Because the Brontosaurus was your favorite dinosaur. But according to science, it never even existed.
(What is left to live for?)
After that, you made do the best you could. You grew up. Made friends. Fell in love. Lost love. Got a job. Got married. Applied for a mortgage. Life ... went on. But it was never really the same.
Until now.
Because — brace yourselves — some big news just dropped.
The Brontosaurus might be real after all!
Charles Choi, Scientific American:
Some of the largest animals to ever walk on Earth were the long-necked, long-tailed dinosaurs known as the sauropods—and the most famous of these giants is probably Brontosaurus, the "thunder lizard." Deeply rooted as this titan is in the popular imagination, however, for more than a century scientists thought it never existed...

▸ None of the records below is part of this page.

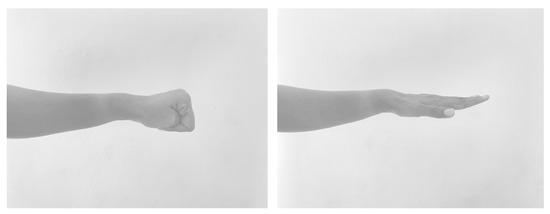 In the rapid G&R test, the participants were asked to grip and release their fingers with their forearm in pronation and wrist in mild extension (Figure 2). The number of completed cycles of movement within 10 s was separately counted on each side [24,28,36].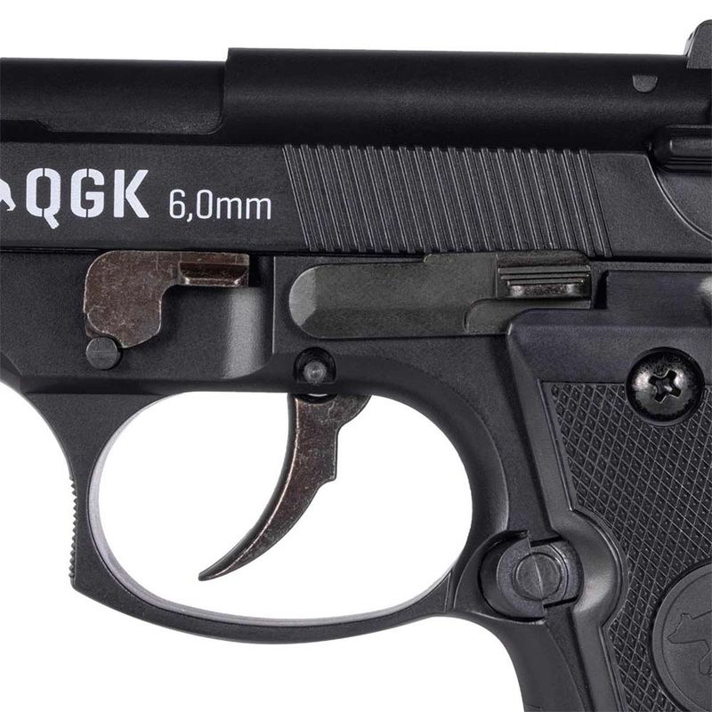 Com 0,2 joules de força, a QGK HS-B92 Beretta tem alcance de até 8 metros com boa precisão e distância efetiva de até 15 metros.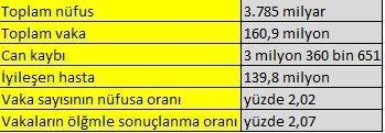 Yeni tip koronavirüs (Covid-19) küresel bir sağlık tehdidi olmaya devam ediyor. Ülkeler virüsle mücadelede toplumsal düzeyde önlemler alarak salgını sonlandırmaya çalışıyor. Hal böyleyken salgının nüfusa etkisi rakamlarla ortaya çıkarıldı. Pandeminin başından beri dünya genelinde vaka sayısı bugün itibarıyla 161 milyon 900 oldu. Güncel verilere göre dünyada 3 milyon 360 bin 651 kişi virüs sebebiyle hayatını kaybetti. Vakaların yüzde 2,07’si ölümle neticelendi.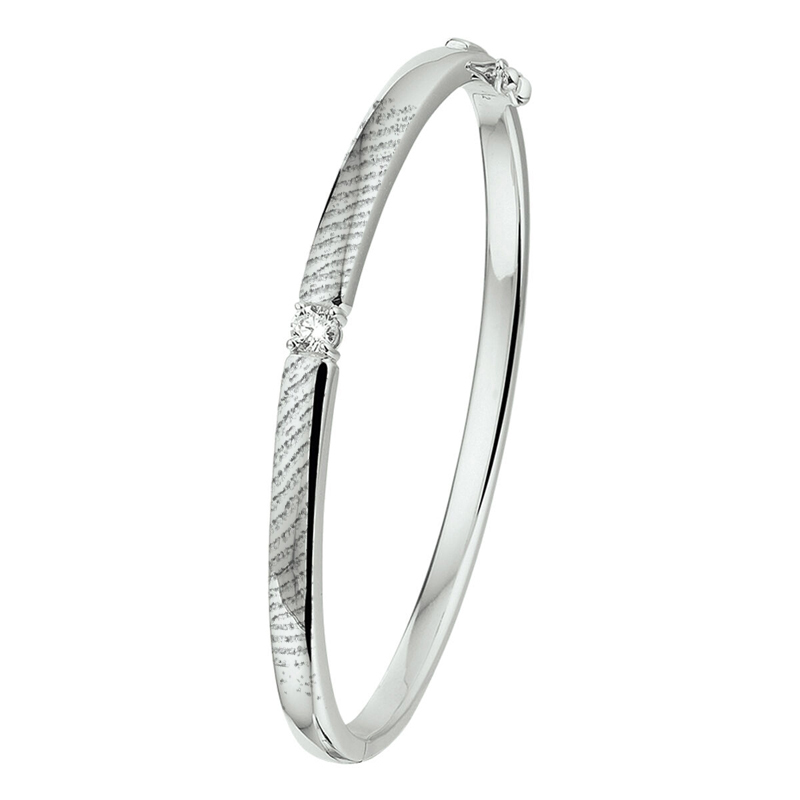 Deze smalle zilveren armband met vingerafdruk en een zirkonia steen, vormt een heel bijzondere manier om uw liefde uit te drukken. Op de scharnierarmband wordt met een laser een afbeelding van een vingerafdruk, handpalm, dierenpoot of babyhandje of –voetje gegraveerd. Door de toevoeging van de afdruk wordt de armband een blijvende herinnering aan een geliefde of dierbare. De scharnierarmband is 60mm (ca. 17cm) groot en 4,5mm breed en sluit met een scharnier en klemslot. De armband kan mat of glanzend worden afgewerkt.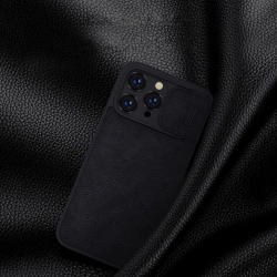 Etui skórzane Nillkin Qin Pro Leather Case do iPhone 14 Pro (czarne)Zadbaj o bezpieczeństwo swojego iPhone 14 Pro i wyposaż się w solidne etui skórzane, które ochroni je przed zarysowaniem i uszkodzeniami mechanicznymi. Nillkin Qin Pro Leather Case doskonale pasuje do kształtu iPhone’a 14 Pro i umożliwia wygodne korzystanie z urządzenia, atutem jest też przesuwana nakładka na obiektyw, która zapobiega porysowaniu i zabrudzeniu, a dodatkowo chroni Twoją prywatność.

Now a new study suggests resurrecting Brontosaurus. It turns out the original Apatosaurus and Brontosaurus fossils appear different enough to belong to separate groups after all. "Generally, Brontosaurus can be distinguished from Apatosaurus most easily by its neck, which is higher and less wide," says lead study author Emanuel Tschopp, a vertebrate paleontologist at the New University of Lisbon in Portugal. "So although both are very massive and robust animals, Apatosaurus is even more extreme than Brontosaurus."
Yep. That's right. Turns out a group of scientists now has cause to believe that the Brontosaurus is actually a distinct genus of dinosaur — similar to, but not completely the same as, you guessed it, the Apatosaurus.
(For maximum confusion, this is an Apatosaurus skeleton.)
And! There's enough evidence to suggest that there wasn't just one type of Brontosaurus, but three entirely separate species of them, known as Brontosaurus excelsus, B. parvus, and B. yahnahpin.
As with most scientific revelations, this probably won't completely end the controversy.
James Gorman, The New York Times:
"Dr. Tschopp and his colleagues Octávio Mateus at the New University and Roger B. J. Benson at the University of Oxford in England decided that although Brontosaurus and Apatosaurus are similar, there are actually two different genera and the Yale specimen is really a Brontosaurus after all. So are several other museum specimens, they said, including one at the University of Wyoming, and a baby Apatosaurus at the Carnegie Museum of Natural History in Pittsburgh.
Their paper, released online on Tuesday in the journal PeerJ, with all of its nearly 300 pages freely available to anyone, will not be the last word on whether the Brontosaurus name should come back into scientific use. Names of species and genera are matters of expert opinion. There is no national or international board of official dinosaur names that decides who is right."
But this news is still really freaking cool.
The bottom line of all this?
There's a lot about our own history and the history of our planet that we still don't know. There's still a lot to learn. Which is pretty incredible, when you think about it.
(Oooooooooh).
The even bottomer line?
Isn't it cool that scientists are always trying to prove themselves wrong? Like, for 100 years, scientists thought they were certain that the Brontosaurus and Apatosaurus were the same dinosaur. But still, a bunch of them were like, "Nope. Not good enough. Let's look into this again." Science is freaking fantastic.
The bottomest line?
Take that, that kid!
(And put away that smug little ribbon too.)